DESCRIPTION OF THE TASK
Each line from the top of the listing through the one holding "Capturing the mysterious" should be restated word for word, with nothing added and no pictures.

INFORMATION SUPPLIED
= Beginning of Section =
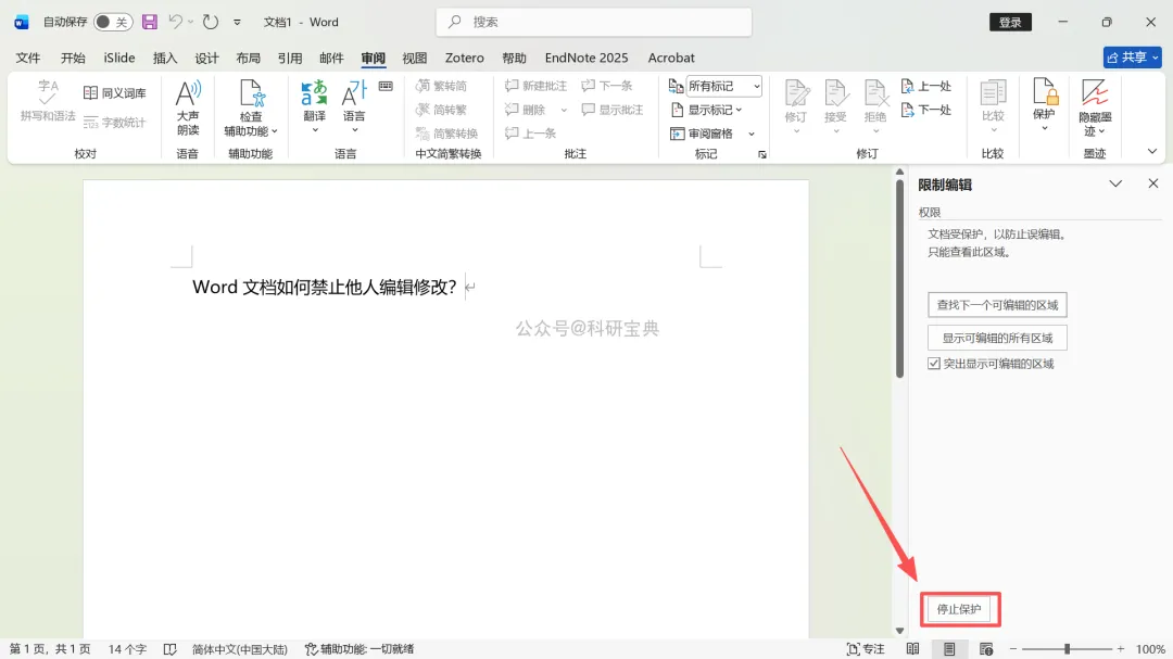 5、如果要取消保护,同样点击【审阅】-【保护】-【限制编辑】-【停止保护】;
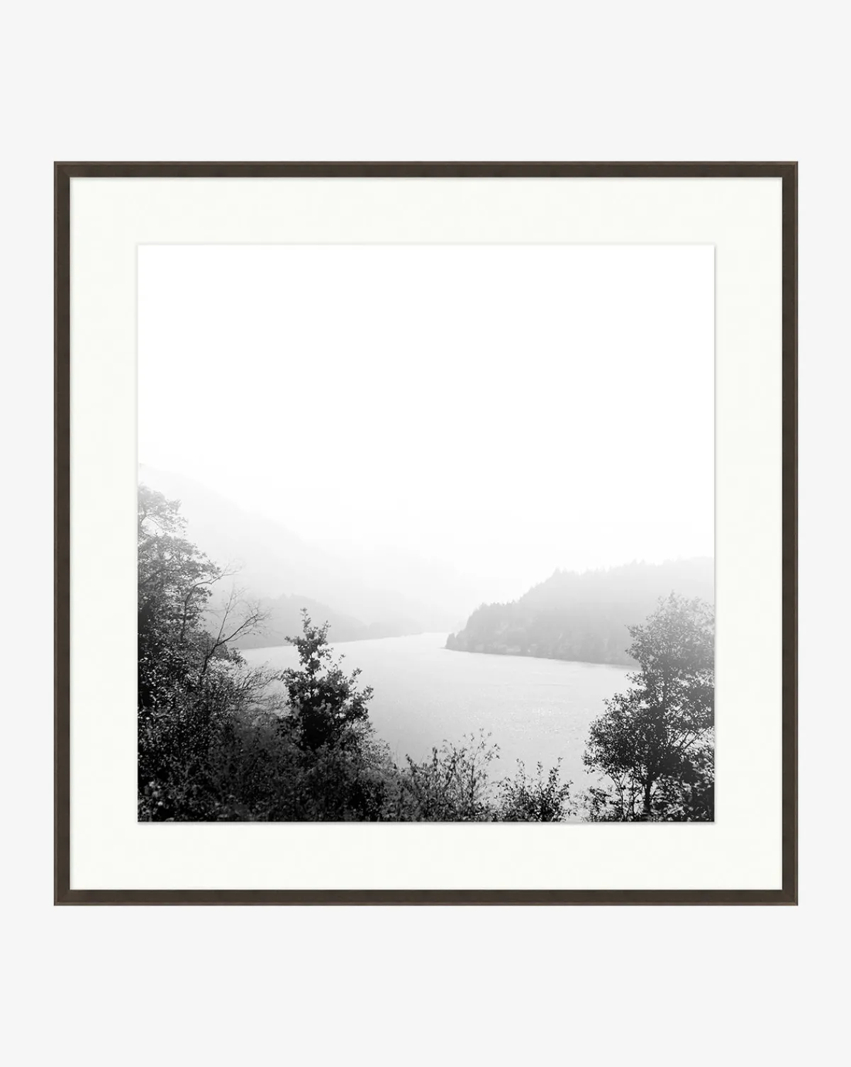 Capturing the mysterious feel of a foggy lake, Mist on the Lake brings the powerful simplicity of black and white photography to your space. Finished in a black woodgrain frame, this giclee print on paper is straight cut and floated on a mat with gallery-quality materials.
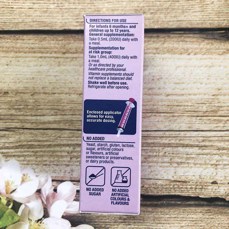 Thành phần của Vitamin D dạng nước cho trẻ từ 6 tháng tuổi Vitamin D Liquid Kids
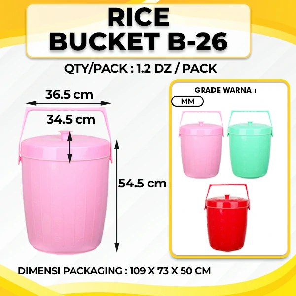 CV Wahana Surya adalah Pabrik Plastik Perabotan Rumah Tangga seperti Rice bucket b 26 yang digunakan sebagai tempat nasi ataupun tempat es serta sebagai pelengkap alat makan dirumah. Dengan tersedia beberapa pilihan Ukuran Warna, membuat produk Rice Bucket sangat cocok digunakan dirumah anda atau untuk keperluan usaha anda. Rice Bucket dibuat dari bahan baku plastik yang aman dan tidak mudah pecah.
= End of Section =
RESPONSE AREA
 5、如果要取消保护,同样点击【审阅】-【保护】-【限制编辑】-【停止保护】;
 Capturing the mysterious feel of a foggy lake, Mist on the Lake brings the powerful simplicity of black and white photography to your space. Finished in a black woodgrain frame, this giclee print on paper is straight cut and floated on a mat with gallery-quality materials.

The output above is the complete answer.